We have seen a thread deadlock issue in ModelBase when using a TaskCompletionSource inside the callback of an AsyncEventingBasicConsumer and wondered if anyone could provide some insight / guidance on the best way of working with threads / async in this scenario.
The code in question was for an RPC client. The code would declare a temporary queue for the response, create an AsyncEventingBasicConsumerfor that queue, send the request and then wait for the expected number of replies to arrive. To do this it declares a TaskCompletionSource with TaskCreationOptions.RunContinuationsAsynchronously and inside the AsyncEventingBasicConsumer's callback it calls SetResult(null) when the expected number of replies has arrived.
var completionSource = new TaskCompletionSource(TaskCreationOptions.RunContinuationsAsynchronously);
consumer.Received += (source, deliveryArgs) => {
//Process the message(s)
//When we have received the expected number of replies complete the task
completionSource.SetResult(null)
};
After sending the request we then await the TCS.
await Task.WhenAny(
completionSource.Task,
Task.Delay(timeout)
);
Shortly thereafter we cancel the consumer and close the channel by calling Close() on IModel.

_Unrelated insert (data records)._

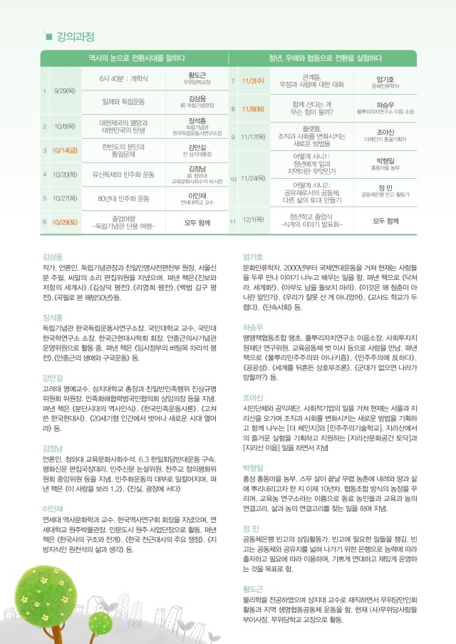 강연은 무의당학교장 황도근, 전 독립기념관장 김상웅, 한국독립운동사연구소장 장석흥, 전 상지대 총장 강만길, 전 청와대 교육문화사회수석 김정남, 연세대 교수 이인재 등 석학뿐 아니라, 문화인류학자 엄기호, 풀뿌리자치연구소 이음 소장 하승우, 더체인지 총괄기획자 조아신, 홍동마을 농부 박형일, 공동체은행 빈고 활동가 정민 등 지식인과 현장 경험자가 함께한다.
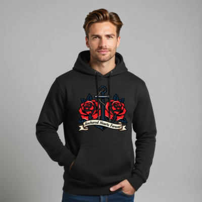 Anchored Hearts Forever Hoodie – Unisex Premium Pullover with Rose Anchor Tattoo Design
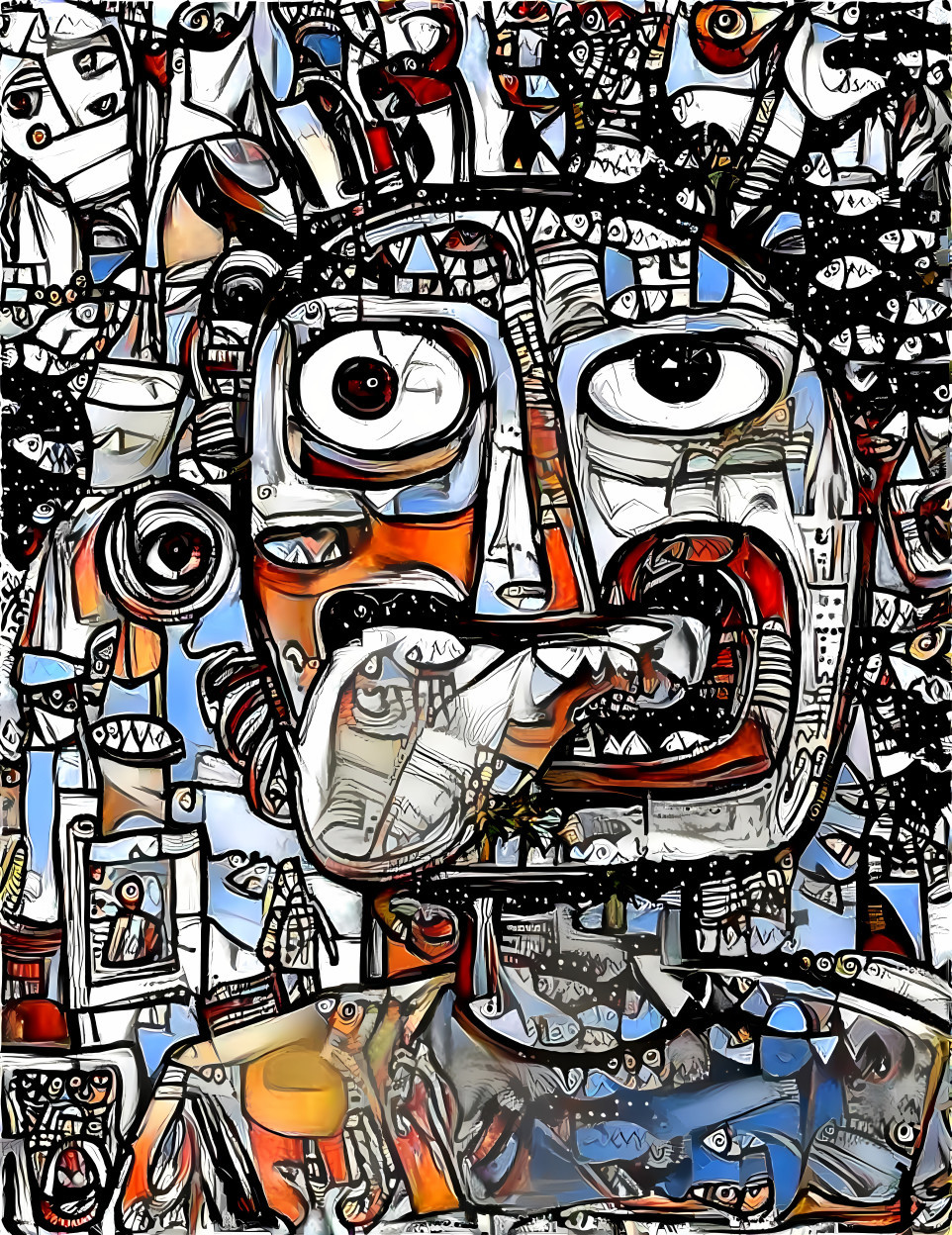 Prompt: (Masterpiece), ((The artwork showcases a striking silhouette of a woman in dark blue against a vivid backdrop of red, orange, and yellow geometric shapes, embodying strength and movement. The style blends fantasy and elegance, evoking wonder through intricate details and vibrant colors, reminiscent of watercolor and pencil techniques, Side view, Complex stipple texture, Abstract expressionism surrealism, Pop art)), Inspired by the style illustrations of Edward Gorey and Tomasz Setowski, Use stunning color oil drawing on textured paper, As if created by Gustav Klimt, Amanda Clark, Catrin Welz-Stein, Zdzisław Beksiński, Dee Nickerson, Van Gogh.

On the vast majority of environments the general flow is:
1. Thread X creates the TCS and sends the request message.
2. The RabbitMQ background thread receives the reply(s) and calls SetResult(null) on the TCS.
3. Thread Y then calls Close() on IModel.
However, on some environments what we see is this:
1. Thread X creates the TCS and sends the request message.
2. The RabbitMQ background thread receives the reply(s) and calls SetResult(null) on the TCS.
3. The RabbitMQ background thread then calls Close() on IModel resulting in a thread deadlock.
The thread deadlock is caused by the fact that ModelBase.Close method causes the calling thread to be blocked until the channel.close-ok reply comes back from the server, and because the calling thread is now the RabbitMQ background thread that reply is not processed and the call to BlockingCell.GetValue() times out. This happens every time on these environments.
We managed to resolve the issue by removing the TCS and replacing it with thread signaling using SemaphoreSlim.
My question is whether this is a common gotcha, and are there any general guidelines on working with threads/tasks inside an AsyncEventingBasicConsumer's callback?
Thanks,
Mark